[[ Data extract, beginning ]]

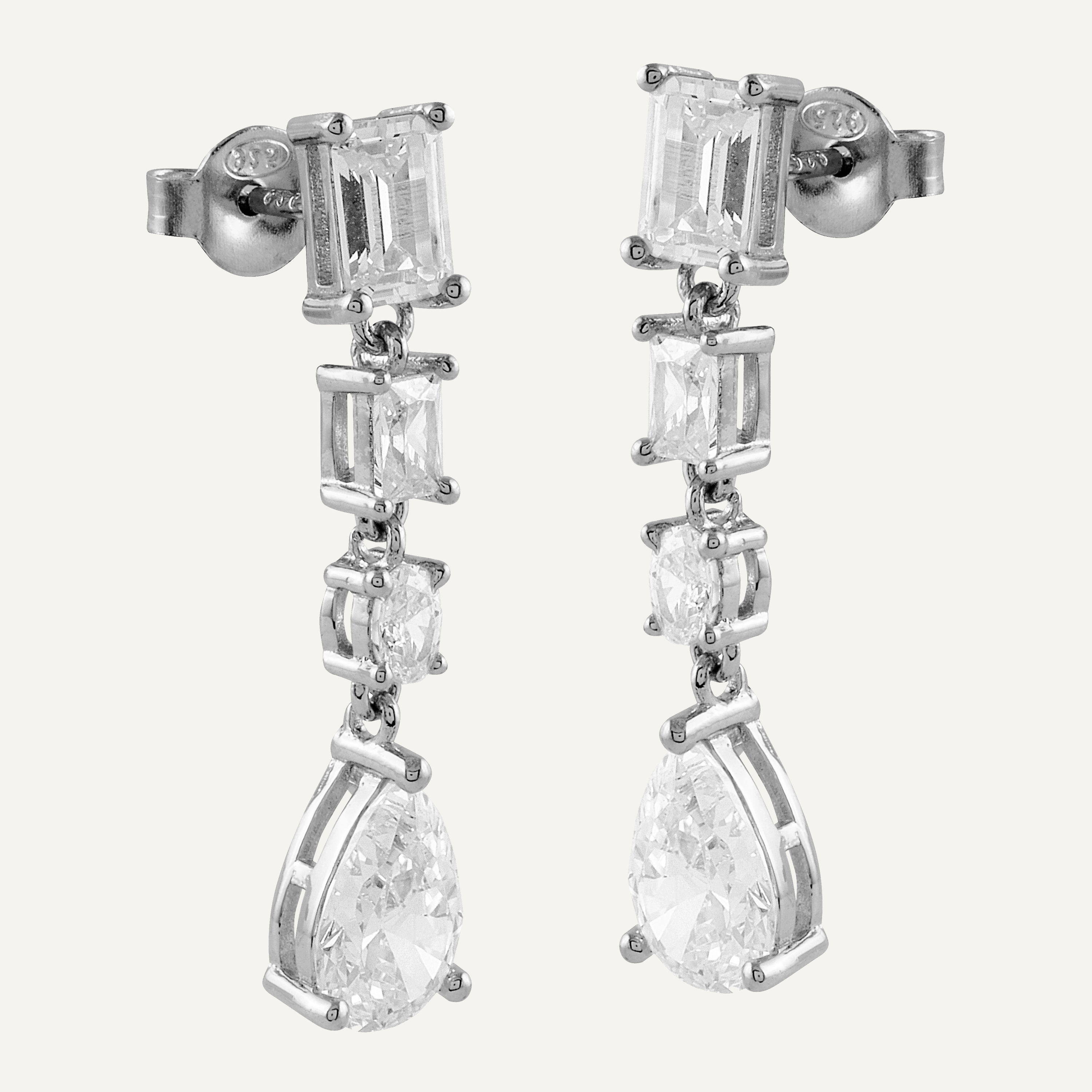 Pendientes largos de plata con circonitas blancas en forma de lágrima, brillantes y elegantes.
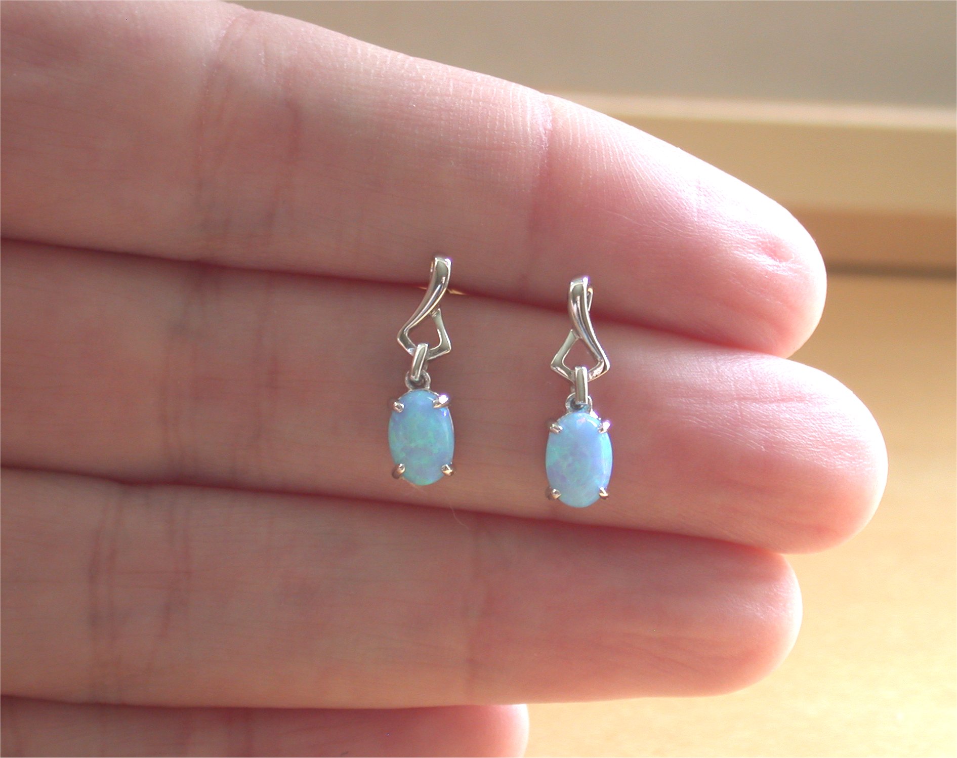 Sterling Silver drop earrings set with blue opal gemstones. This pair of stud earrings measure 16mm length x 5mm width. The opal gemstone measures 7mm x 5mm. Both earrings are stamped 925. The blue opal gemstone is produced by synthesizing the silica beads that form natural opal. Opal is the birthstone for October.
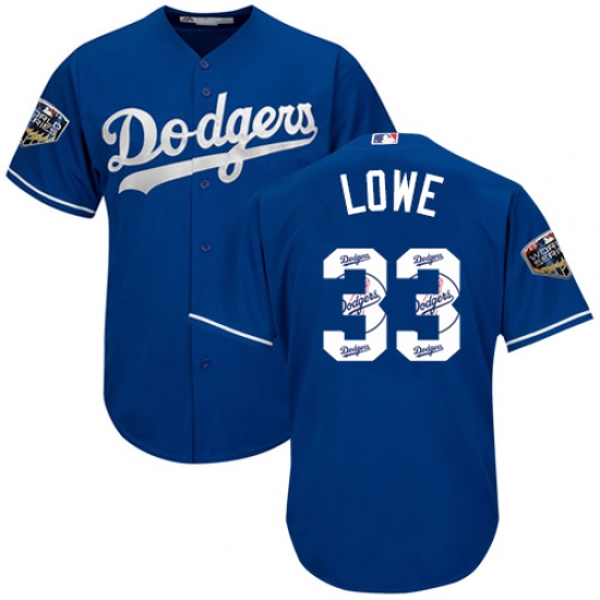 Men's Majestic Los Angeles Dodgers #33 Mark Lowe Authentic Royal Blue Team Logo Fashion Cool Base 2018 World Series MLB Jersey
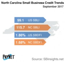 Coming in at 115.7, North Carolina's PayNet Small Business Lending Index (SBLI) increased 1.4% from last month's state level and was 16.8% greater than the national SBLI level of 99.1 this month. We can cautiously anticipate improving financial conditions in North Carolina based on recent small business investment.

[[ Data extract, end ]]

## Task instructions
What is needed is an exact reproduction of the data, pictures excluded.

## Expected answer
 Pendientes largos de plata con circonitas blancas en forma de lágrima, brillantes y elegantes.
 Sterling Silver drop earrings set with blue opal gemstones. This pair of stud earrings measure 16mm length x 5mm width. The opal gemstone measures 7mm x 5mm. Both earrings are stamped 925. The blue opal gemstone is produced by synthesizing the silica beads that form natural opal. Opal is the birthstone for October.
 Men's Majestic Los Angeles Dodgers #33 Mark Lowe Authentic Royal Blue Team Logo Fashion Cool Base 2018 World Series MLB Jersey
 Coming in at 115.7, North Carolina's PayNet Small Business Lending Index (SBLI) increased 1.4% from last month's state level and was 16.8% greater than the national SBLI level of 99.1 this month. We can cautiously anticipate improving financial conditions in North Carolina based on recent small business investment.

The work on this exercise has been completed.